## PROBLEM REQUIREMENTS
Without including any images, reproduce each entry exactly.
━━ DATA FOR THE TASK
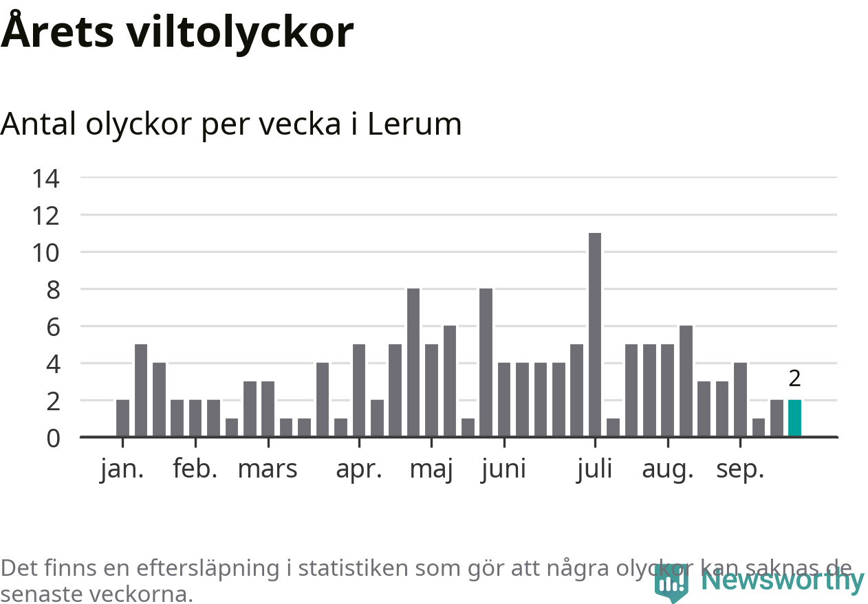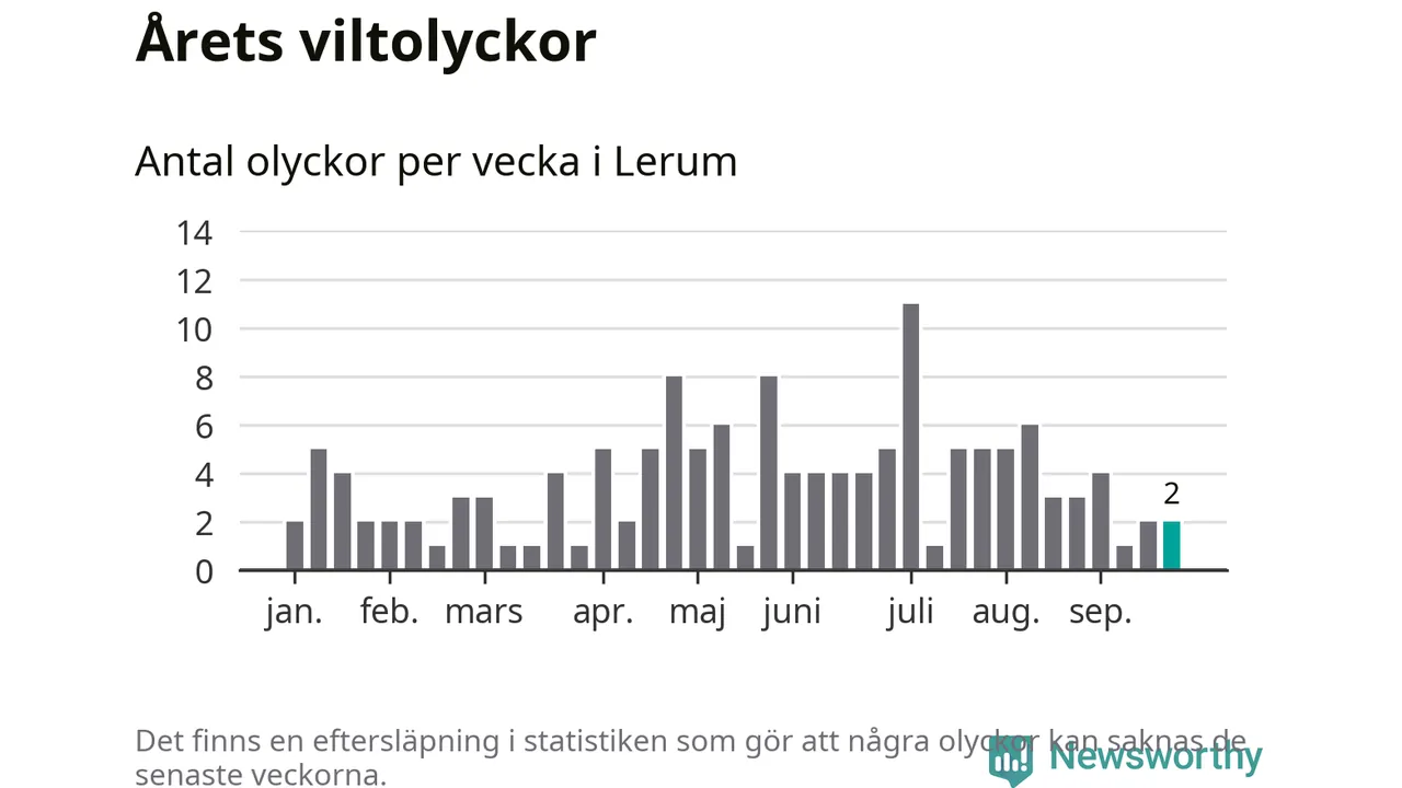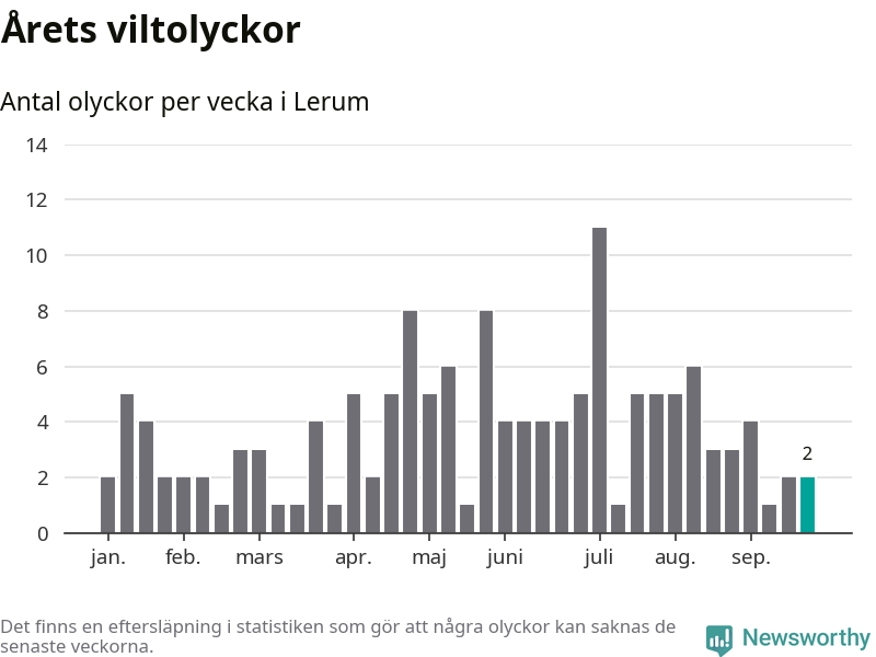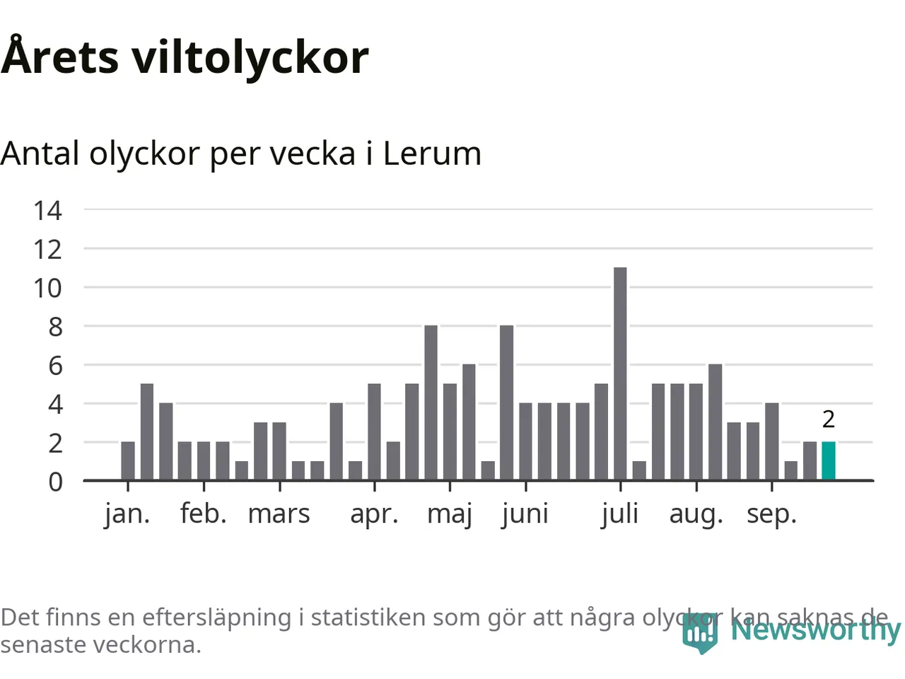 Hittills har två viltolyckor rapporterats in i Lerums kommun från vecka 39. Se listan här.
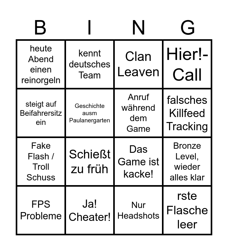 This bingo card has 16 words: Ja! Cheater!, Bronze Level, wieder alles klar, Clan Leaven, heute Abend einen reinorgeln, Fake Flash / Troll Schuss, kennt deutsches Team, Das Game ist kacke!, Nur Headshots, steigt auf Beifahrersitz ein, Geschichte ausm Paulanergarten, FPS Probleme, Hier!-Call, Schießt zu früh, falsches Killfeed Tracking, Anruf während dem Game and rste Flasche leer.
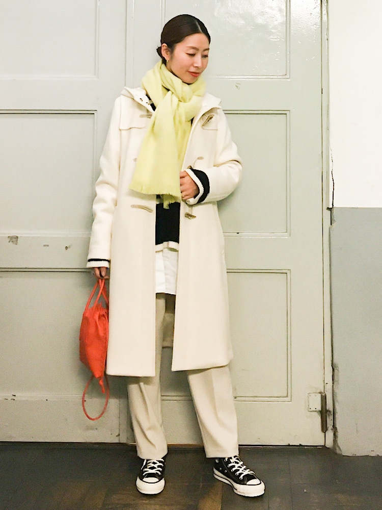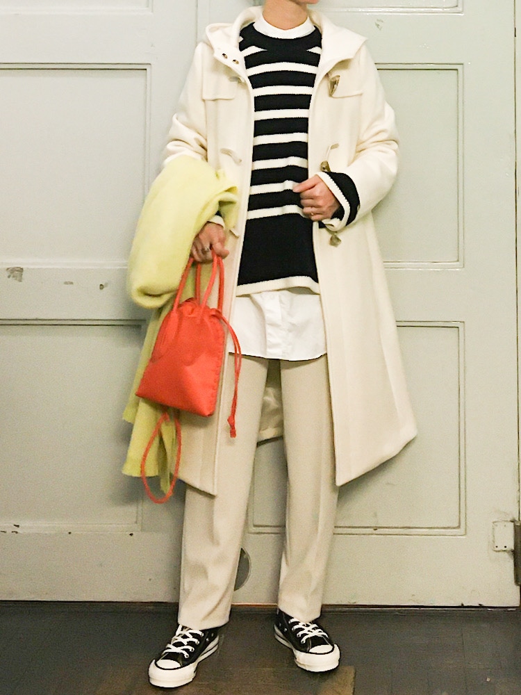 素材感・着心地:見た目より軽くウールにナイロンとカシミヤ混でしっとり柔らかいです。
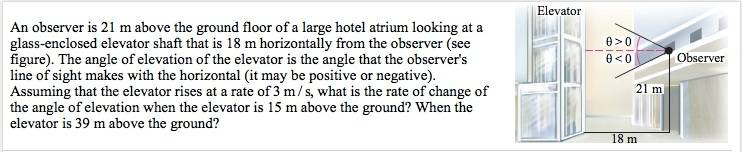 The discussion focuses on solving a related rates problem involving an observer's elevation, the height of an elevator, and the horizontal distance from the elevator shaft. The key equations derived include the differentiation of the tangent function with respect to time, leading to the formula for the rate of change of the angle of elevation, \(\frac{d\theta}{dt} = \frac{w}{(h-E)^2+w^2}\frac{dh}{dt}\). Specific calculations are provided for two heights, resulting in \(\frac{d\theta}{dt} = \frac{3}{20}\) radians per second at \(h=15\) and \(\frac{d\theta}{dt} = \frac{1}{12}\) radians per second at \(h=39\).
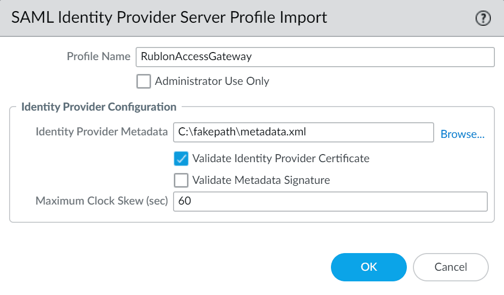 | Maximum Clock Skew (sec) | The maximum allowed difference in system clocks between the IdP server and Palo Alto. The default value is 60 seconds and we recommend you do not to change it. |
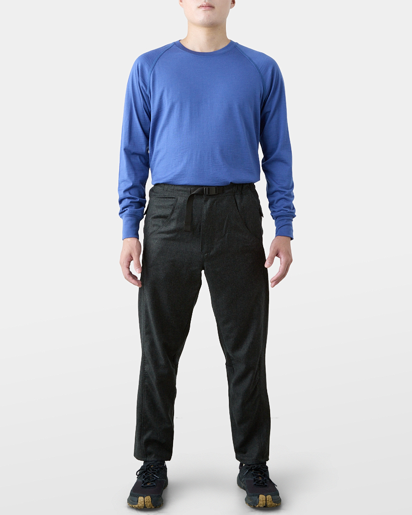 肌触り良く柔らかなイタリア生産のメリノウール生地は、ずっと履いていたくなるような履き心地と暖かさ。一方、裏面にはナイロン・リップストップを織り込み強度を高めてあるから、山でもトレイルでもどこでも使えるタフさも併せ持つ。そしてもちろん、ポケットは使いやすさに定評ある山と道の5-Pocketだ。
━━━━
## YOUR RESPONSE
 Hittills har två viltolyckor rapporterats in i Lerums kommun från vecka 39. Se listan här.
 This bingo card has 16 words: Ja! Cheater!, Bronze Level, wieder alles klar, Clan Leaven, heute Abend einen reinorgeln, Fake Flash / Troll Schuss, kennt deutsches Team, Das Game ist kacke!, Nur Headshots, steigt auf Beifahrersitz ein, Geschichte ausm Paulanergarten, FPS Probleme, Hier!-Call, Schießt zu früh, falsches Killfeed Tracking, Anruf während dem Game and rste Flasche leer.
 素材感・着心地:見た目より軽くウールにナイロンとカシミヤ混でしっとり柔らかいです。
 The discussion focuses on solving a related rates problem involving an observer's elevation, the height of an elevator, and the horizontal distance from the elevator shaft. The key equations derived include the differentiation of the tangent function with respect to time, leading to the formula for the rate of change of the angle of elevation, \(\frac{d\theta}{dt} = \frac{w}{(h-E)^2+w^2}\frac{dh}{dt}\). Specific calculations are provided for two heights, resulting in \(\frac{d\theta}{dt} = \frac{3}{20}\) radians per second at \(h=15\) and \(\frac{d\theta}{dt} = \frac{1}{12}\) radians per second at \(h=39\).
 | Maximum Clock Skew (sec) | The maximum allowed difference in system clocks between the IdP server and Palo Alto. The default value is 60 seconds and we recommend you do not to change it. |
 肌触り良く柔らかなイタリア生産のメリノウール生地は、ずっと履いていたくなるような履き心地と暖かさ。一方、裏面にはナイロン・リップストップを織り込み強度を高めてあるから、山でもトレイルでもどこでも使えるタフさも併せ持つ。そしてもちろん、ポケットは使いやすさに定評ある山と道の5-Pocketだ。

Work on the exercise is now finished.